NEW YORK—The case of a school speech pathologist who was denied a new contract over her refusal to sign a commitment barring her from boycotting Israel demonstrates how Texas’ anti-boycott legislation stifles free expression and violates the Constitution, PEN America said today.

As reported in the Intercept, Bahia Amawi, a contract elementary school speech pathologist in Texas was told she may no longer work with the school district after refusing to sign an oath that she “does not” and “will not” engage in a boycott of Israel. The oath also requires she not “otherwise tak[e] any action that is intended to inflict economic harm” on Israel. She sued the school district this week alleging that the Texas law regulating her free expression is a violation of her First Amendment rights. At least 26 states around the country have similar anti-boycott legislation on the books which either prohibit political or economic protest of the foreign nation and/or impose financial costs on those who exercise that constitutional right. Thirteen more states are considering such proposals.

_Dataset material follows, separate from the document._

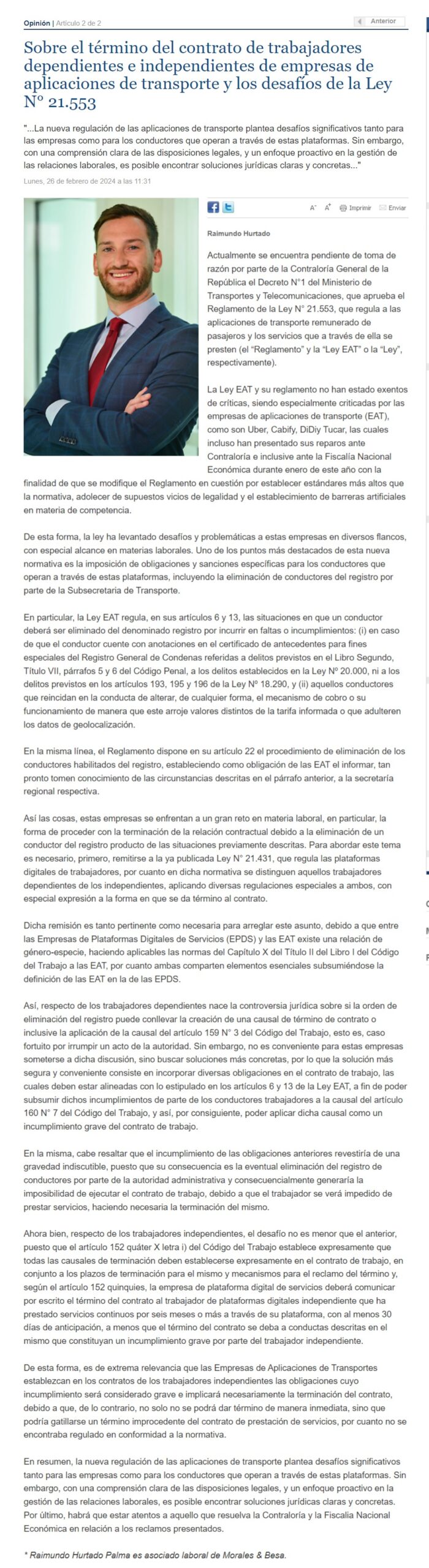 Columna de opinión: Sobre el término del contrato de trabajadores dependientes e independientes de empresas de aplicaciones de transporte y los desafíos de la Ley N° 21.553

Also this week, the Arkansas Times Limited Partnership filed a lawsuit in federal court challenging the state’s anti-boycott legislation on the basis of its violation of the First Amendment. Like Texas, Arkansas law similarly mandates that government contractors sign an oath to not boycott Israel. The lawsuit arose after the Arkansas Times was told it may no longer report on campus news without first agreeing to the state law pledge not to boycott Israel.

“Courts have ruled that participation in political and economic boycotts can constitute protected speech under the First Amendment,” said Nora Benavidez, Director of U.S. Free Expression Programs at PEN America. “Regardless of the merits of such boycotts, a system that penalizes people for expression of political beliefs is at odds with the protections afforded in the Constitution. The cases in Texas and Arkansas help illustrate why the trend of state governments passing anti-boycott laws poses such a threat.”

PEN America has previously reported on proposals to stifle free expression, arguing that political boycotts are constitutionally protected tools for social reform which have been used throughout this country’s history.


PEN America stands at the intersection of literature and human rights to protect open expression in the United States and worldwide. We champion the freedom to write, recognizing the power of the word to transform the world. Our mission is to unite writers and their allies to celebrate creative expression and defend the liberties that make it possible.